For (1) the multiverse needs to be immensely larger than our universe, by a factor of at least 10^10^6 or so “instances”. The exact double exponent depends upon how closely people have to match before it’s reasonable to consider them to be essentially the same person. Perhaps on the order of millions of data points is enough, maybe more are needed. Evidence for MWI is nowhere near strong enough to justify this level of granularity in the state space and it doesn’t generalize well to space-time quantization so this probably isn’t enough. Tegmark’s hypothesis would be fine, though.
You don’t really need assumption (2). Simulations are not required, all it takes is any nonzero weight (no matter how small) of you not actually dying given each timeline of preceding experience. That includes possibilities like “it was all actually a dream”, a physical mock-up of your life, drug-induced states, and no doubt unboundedly many that none of us can imagine.
(3) is definitely required. With (1) there are almost certainly enormous numbers of people essentially identical to you and your experiences, who have the experience of dying and then waking up and you don’t know whether you’re going to turn out to be one of them, but those are immensely outweighed by those who don’t live on.
Sure, those who do live on will think “wow I wasn’t expecting this!” and they will remember being you but without (3) they are actually someone else and their future will almost certainly be different from anything you would have experienced had you lived.
For (1) the multiverse needs to be immensely larger than our universe, by a factor of at least 10106 or so “instances”. The exact double exponent depends upon how closely people have to match before it’s reasonable to consider them to be essentially the same person. Perhaps on the order of millions of data points is enough, maybe more are needed. Evidence for MWI is nowhere near strong enough to justify this level of granularity in the state space and it doesn’t generalize well to space-time quantization so this probably isn’t enough.
Why? Even without unphysically ordering arbitrary point-states, isn’t the whole splitting behavior creates at least all subjectively-distinguishable instances?
I’m not saying that it’s impossible, just that we have no evidence of this degree of multiplicity. Even if the MWI interpretation was correct, the underlying state space could be very much coarser than this thought experiment requires without any effect on experimental observations at all. Or something even weirder! Quantum theories are an approximation, and pushing an approximation to extremes usually gives nonsense.
Saying that there are literally uncountably infinite many real states is going far beyond the actual evidence. We don’t—and can’t—have any evidence of actual infinity or indeed any physically existing entities of number anything like 10^million.
Unfortunately the nature of reality belongs to the collection of topics that we can’t expect the scientific method alone to guide us on. But perhaps you agree with that, since in your second paragraph you essentially point out that practically all of mathematics belongs to the same collection.

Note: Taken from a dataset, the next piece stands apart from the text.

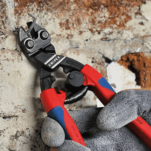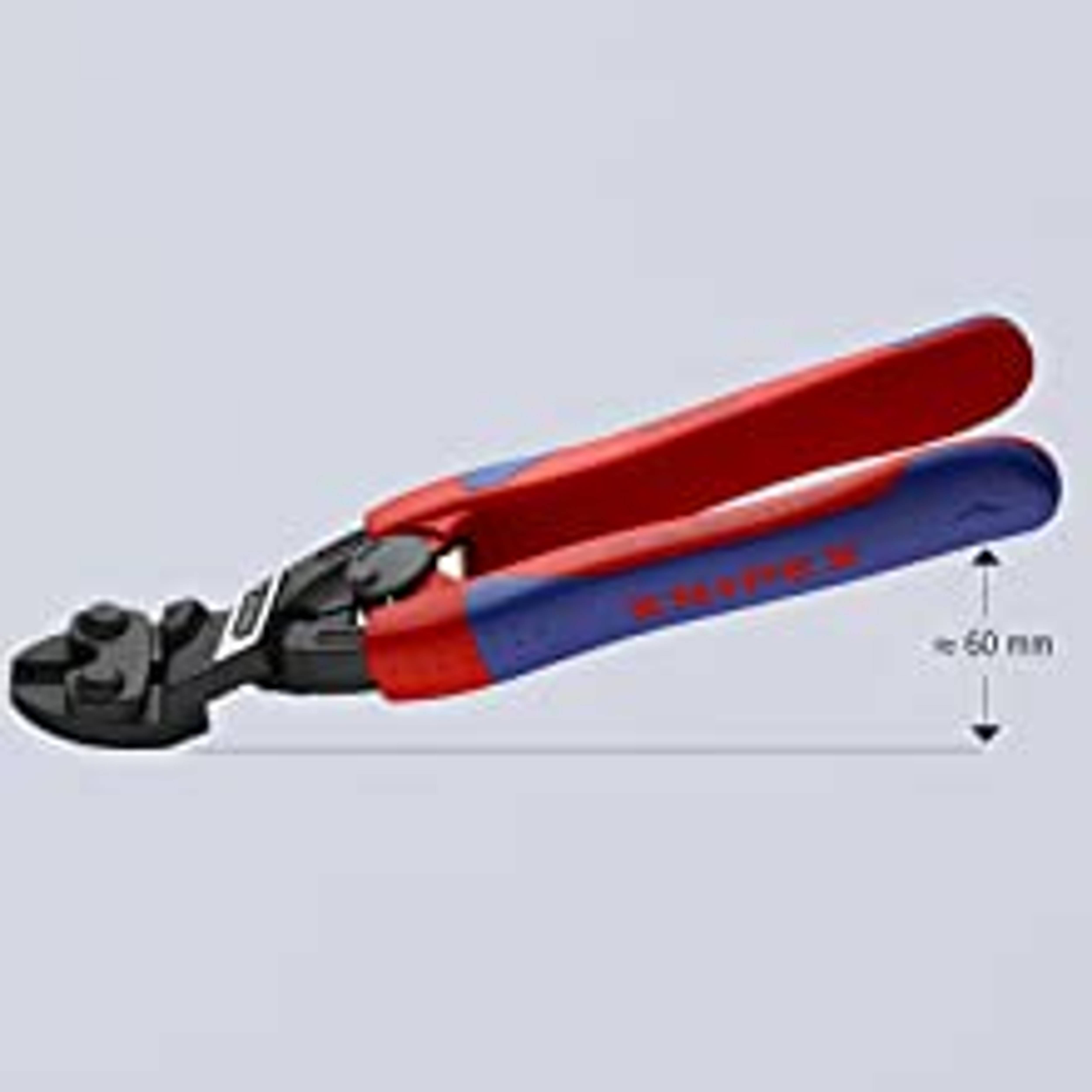 71 22 200 KNIPEX CoBolt®With precision cutting edges for soft, hard and piano wire. Cuts bolts, nails, rivets, etc. up to Ø 5.2 mm. Efficient joint design ensures exceptional cutting performance with little effort. Cutting edges additionally induction-hardened, cutting edge hardness approx. 64 HRC. with slim multi-component grips without collar for better handling and easier transport. Opening spring and locking device are integrated in the handles also for comfortable work and protected transport. 20° angled head with joint bar on one side and side cutter for almost flush cutting, with space for gripping.

For (1) the multiverse needs to be immensely larger than our universe, by a factor of at least 10^10^6 or so “instances”. The exact double exponent depends upon how closely people have to match before it’s reasonable to consider them to be essentially the same person. Perhaps on the order of millions of data points is enough, maybe more are needed. Evidence for MWI is nowhere near strong enough to justify this level of granularity in the state space and it doesn’t generalize well to space-time quantization so this probably isn’t enough. Tegmark’s hypothesis would be fine, though.
You don’t really need assumption (2). Simulations are not required, all it takes is any nonzero weight (no matter how small) of you not actually dying given each timeline of preceding experience. That includes possibilities like “it was all actually a dream”, a physical mock-up of your life, drug-induced states, and no doubt unboundedly many that none of us can imagine.

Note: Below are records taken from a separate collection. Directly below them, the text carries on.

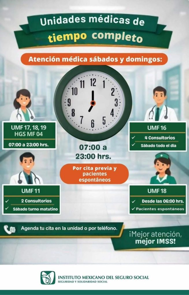 El Instituto exhorta a la población derechohabiente a acudir a su Unidad de Medicina Familiar correspondiente y a hacer uso responsable de los servicios disponibles durante los fines de semana, con el objetivo de cuidar su salud y la de sus familias.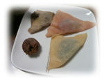 八橋の手前、梅干みたいのは、余ったチョコとイチゴの餡を団子にしたものらしい。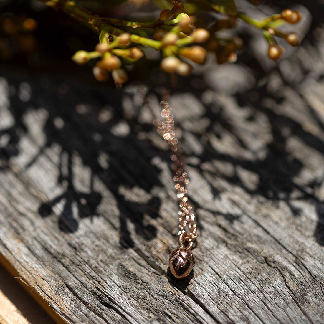 Als Hommage an diese Nuss, die auch bei uns in Bayern als heimischer Strauch vertreten ist, haben wir die "Verzauberte Haselnuss" als Halskettenanhänger aus 925 Sterlingsilber kreiert und in Roségold vergoldet. Sie baumelt wahlweise an einer 40 oder 45 cm langen, filigranen und auf Hochglanz polierten Ankerkette.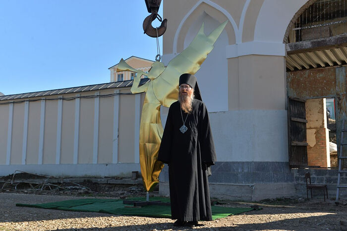 Le célèbre monastère d’Optina (le « désert d’Optina », avec son ermitage où résida notamment Dostoïevski), à 270 km au sud de Moscou, a retrouvé son « ange sonnant de la trompette ». Avant la révolution bolchevique, un ange trompettiste faisant aussi office de girouette surplombait l’entrée principale du monastère, comme on le voit sur les anciennes photos. Il avait disparu. Le monastère (une petite ville, avec sa cathédrale et ses sept églises, sans compter celle de l’ermitage) a été entièrement restauré depuis le début des années 2000, et le nouvel ange sonnant de la trompette vient couronner la restauration. « L’effigie de l’ange, fabriquée dans un métal particulièrement résistant, a été équipée d’un mécanisme rotatif unique garantissant une facilité de mouvement et une solidité de fixation même lors de fortes rafales de vent », précise le monastère, non sans souligner la signification religieuse de la statue :

(3) is definitely required. With (1) there are almost certainly enormous numbers of people essentially identical to you and your experiences, who have the experience of dying and then waking up and you don’t know whether you’re going to turn out to be one of them, but those are immensely outweighed by those who don’t live on.
Sure, those who do live on will think “wow I wasn’t expecting this!” and they will remember being you but without (3) they are actually someone else and their future will almost certainly be different from anything you would have experienced had you lived.

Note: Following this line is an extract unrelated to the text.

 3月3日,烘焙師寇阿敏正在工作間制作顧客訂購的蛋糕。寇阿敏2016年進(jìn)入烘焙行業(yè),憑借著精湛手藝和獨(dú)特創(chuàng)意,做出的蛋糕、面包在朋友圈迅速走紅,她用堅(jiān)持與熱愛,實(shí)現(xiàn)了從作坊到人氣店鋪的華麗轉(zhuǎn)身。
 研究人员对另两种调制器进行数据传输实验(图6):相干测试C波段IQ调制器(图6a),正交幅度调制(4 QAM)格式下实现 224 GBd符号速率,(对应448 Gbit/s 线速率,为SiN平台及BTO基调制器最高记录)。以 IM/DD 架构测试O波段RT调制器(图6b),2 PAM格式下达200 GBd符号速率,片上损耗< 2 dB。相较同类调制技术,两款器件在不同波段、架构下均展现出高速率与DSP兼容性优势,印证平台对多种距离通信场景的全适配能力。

Why? Even without unphysically ordering arbitrary point-states, isn’t the whole splitting behavior creates at least all subjectively-distinguishable instances?
I’m not saying that it’s impossible, just that we have no evidence of this degree of multiplicity. Even if the MWI interpretation was correct, the underlying state space could be very much coarser than this thought experiment requires without any effect on experimental observations at all. Or something even weirder! Quantum theories are an approximation, and pushing an approximation to extremes usually gives nonsense.
Saying that there are literally uncountably infinite many real states is going far beyond the actual evidence. We don’t—and can’t—have any evidence of actual infinity or indeed any physically existing entities of number anything like 10^million.
Unfortunately the nature of reality belongs to the collection of topics that we can’t expect the scientific method alone to guide us on. But perhaps you agree with that, since in your second paragraph you essentially point out that practically all of mathematics belongs to the same collection.